* DATA SECTION *
# # # # #
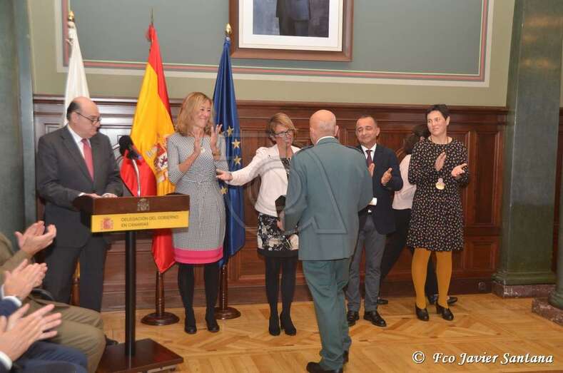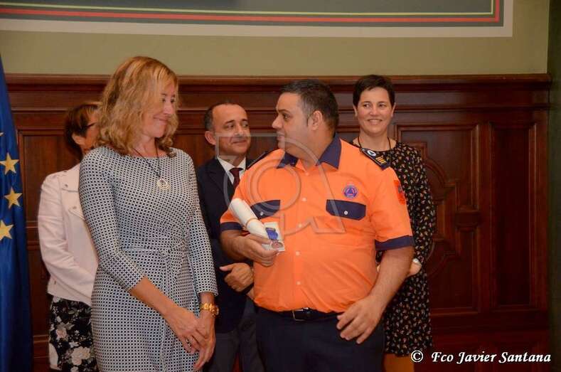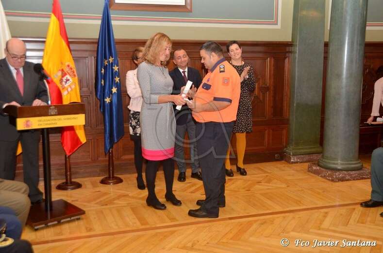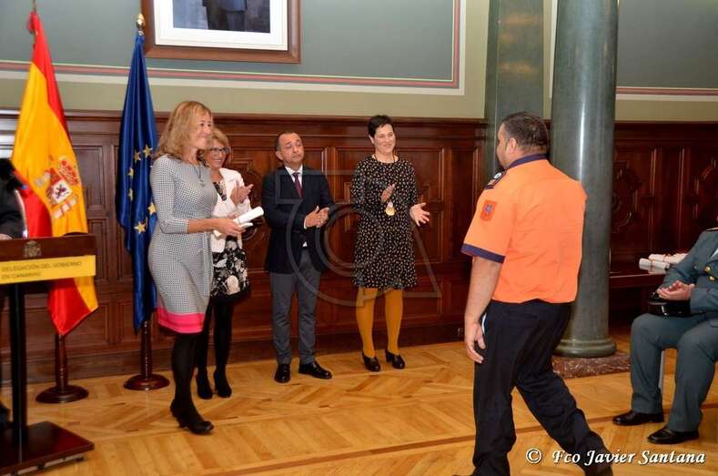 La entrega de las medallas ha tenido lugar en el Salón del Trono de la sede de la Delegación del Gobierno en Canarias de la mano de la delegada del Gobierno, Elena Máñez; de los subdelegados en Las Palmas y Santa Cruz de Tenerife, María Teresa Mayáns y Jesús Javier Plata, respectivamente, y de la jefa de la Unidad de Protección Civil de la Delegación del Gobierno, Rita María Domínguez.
# # # # #
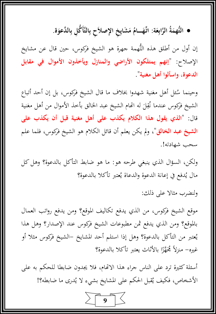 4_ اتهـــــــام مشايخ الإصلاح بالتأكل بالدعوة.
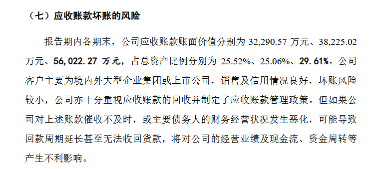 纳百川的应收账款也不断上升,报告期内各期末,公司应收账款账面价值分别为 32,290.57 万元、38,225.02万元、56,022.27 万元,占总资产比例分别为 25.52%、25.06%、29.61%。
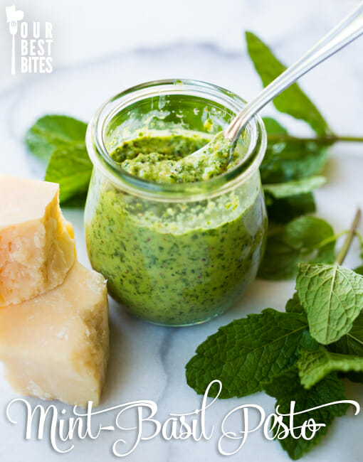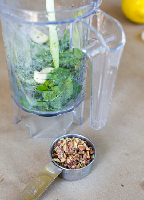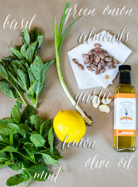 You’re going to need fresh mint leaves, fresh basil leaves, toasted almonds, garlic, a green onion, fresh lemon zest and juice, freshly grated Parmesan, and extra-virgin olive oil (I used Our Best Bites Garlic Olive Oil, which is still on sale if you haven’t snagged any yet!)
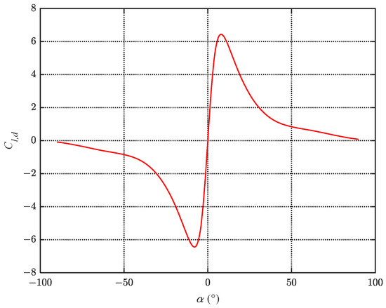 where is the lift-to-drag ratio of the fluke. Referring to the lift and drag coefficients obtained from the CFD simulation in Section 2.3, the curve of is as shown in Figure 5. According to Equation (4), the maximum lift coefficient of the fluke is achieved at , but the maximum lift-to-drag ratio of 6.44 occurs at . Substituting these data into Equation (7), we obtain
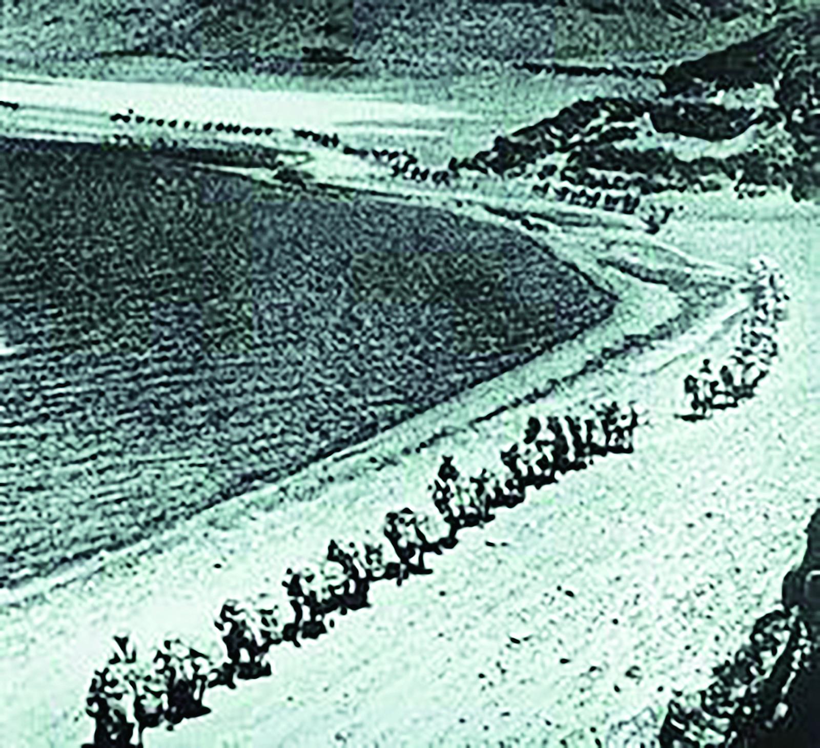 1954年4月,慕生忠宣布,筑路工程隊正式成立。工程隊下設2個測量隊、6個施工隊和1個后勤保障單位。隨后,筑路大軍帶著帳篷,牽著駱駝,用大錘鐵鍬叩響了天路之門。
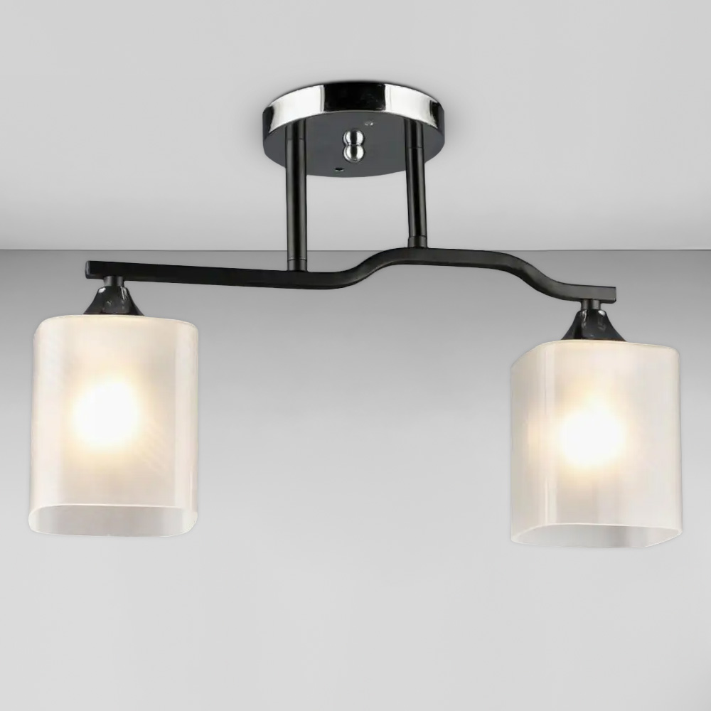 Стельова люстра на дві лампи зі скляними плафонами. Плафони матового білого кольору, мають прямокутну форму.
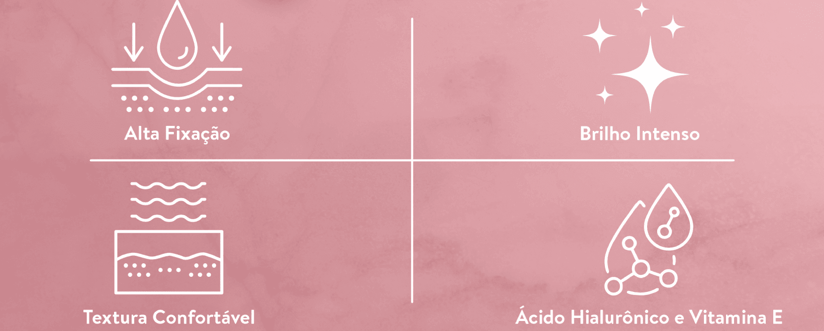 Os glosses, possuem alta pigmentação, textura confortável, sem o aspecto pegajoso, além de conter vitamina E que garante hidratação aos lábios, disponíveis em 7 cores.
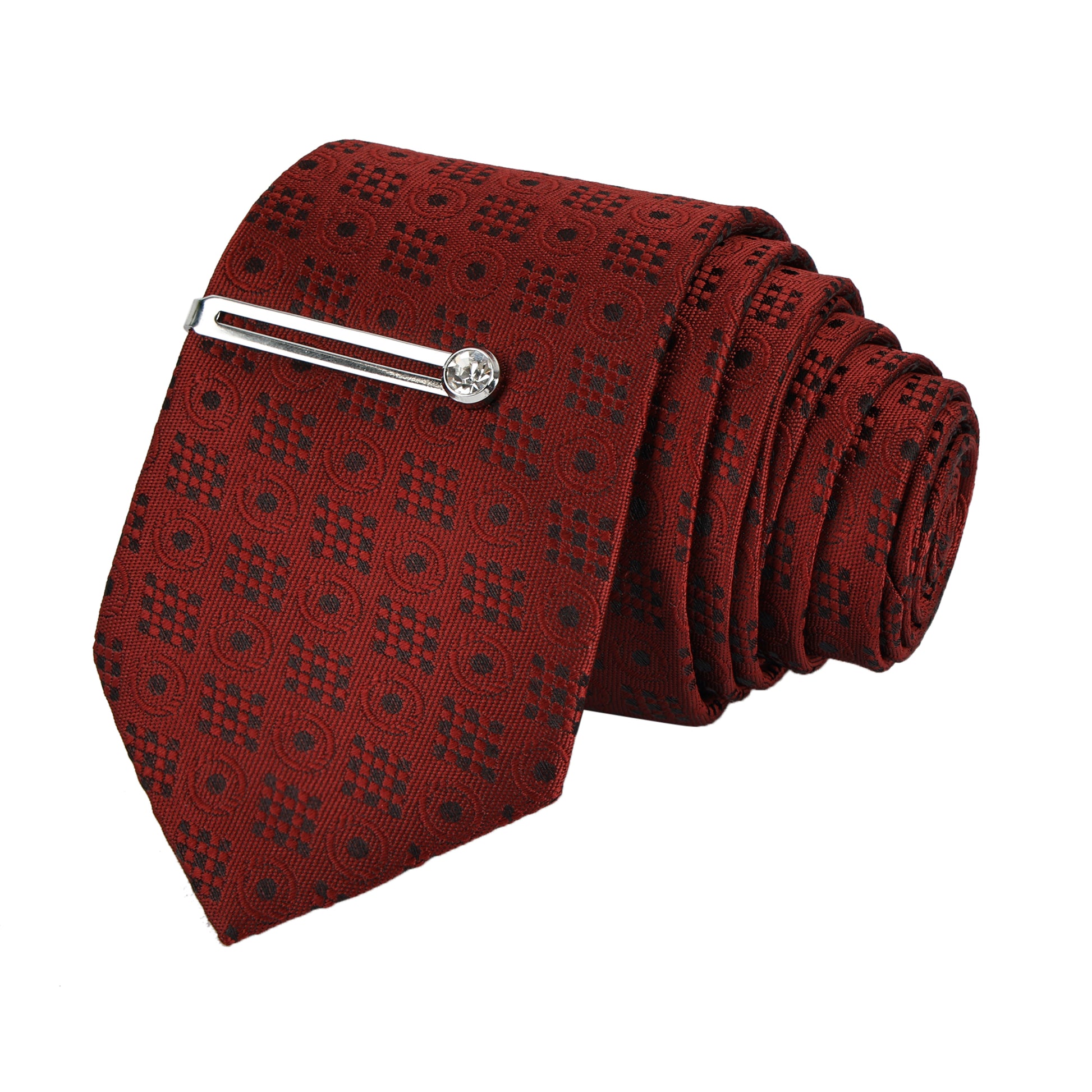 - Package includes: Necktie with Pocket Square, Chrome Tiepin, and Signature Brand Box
# # # # #
* PROBLEM *
Take the material above from the line containing "Стельова люстра на" up to and including the line containing "- Package includes: Necktie" and retype it exactly, without any pictures.

* SOLUTION FOR THIS PROBLEM *
 Стельова люстра на дві лампи зі скляними плафонами. Плафони матового білого кольору, мають прямокутну форму.
 Os glosses, possuem alta pigmentação, textura confortável, sem o aspecto pegajoso, além de conter vitamina E que garante hidratação aos lábios, disponíveis em 7 cores.
 - Package includes: Necktie with Pocket Square, Chrome Tiepin, and Signature Brand Box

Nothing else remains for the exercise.